1. Opening Problem Statement
Meet Sarah, a product manager at a growing tech company. Every month, Sarah needs to gather detailed API documentation from dozens of third-party services her team integrates with. Manually searching for accurate API docs, extracting endpoint details, and compiling them into structured formats wastes her at least 10 hours monthly. Mistakes and outdated data lead to integration delays costing the company time and money. She needs a precise, reliable automation that can find, scrape, and analyze up-to-date API documentation automatically to save time and improve productivity.
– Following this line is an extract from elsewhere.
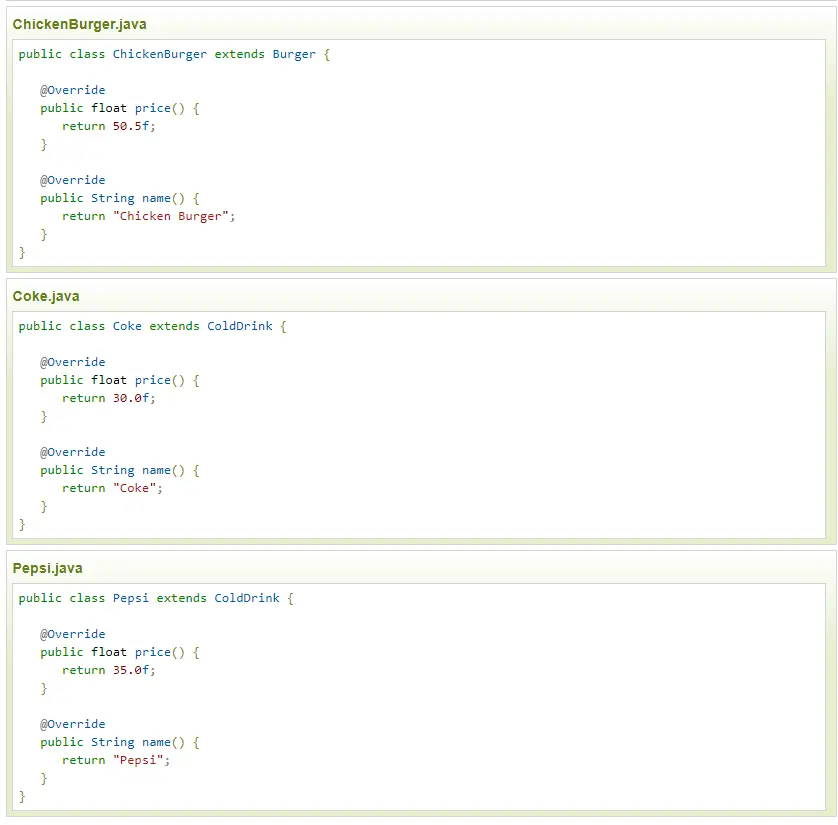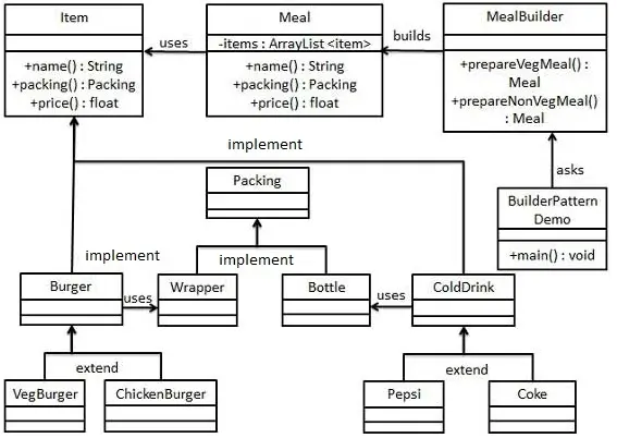 我们假设一个快餐店的商业案例,其中,一个典型的套餐可以是一个汉堡(Burger)和一杯冷饮(Cold drink)。汉堡(Burger)可以是素食汉堡(Veg Burger)或鸡肉汉堡(Chicken Burger),它们是包在纸盒中。冷饮(Cold drink)可以是可口可乐(coke)或百事可乐(pepsi),它们是装在瓶子中。

2. What This Automation Does
This unique n8n workflow tackles Sarah’s challenge by automating the entire process of researching, extracting, and generating API schema data. When triggered, it:
- Fetches a list of services pending research from Google Sheets and uses a Google search API to find relevant API documentation pages.
- Scrapes web pages of documentation to cleanly extract textual content relevant to APIs, filtering out non-essential media and scripts.
- Employs Google Gemini and LangChain AI models to classify documents for API schema presence and extract REST API endpoint details.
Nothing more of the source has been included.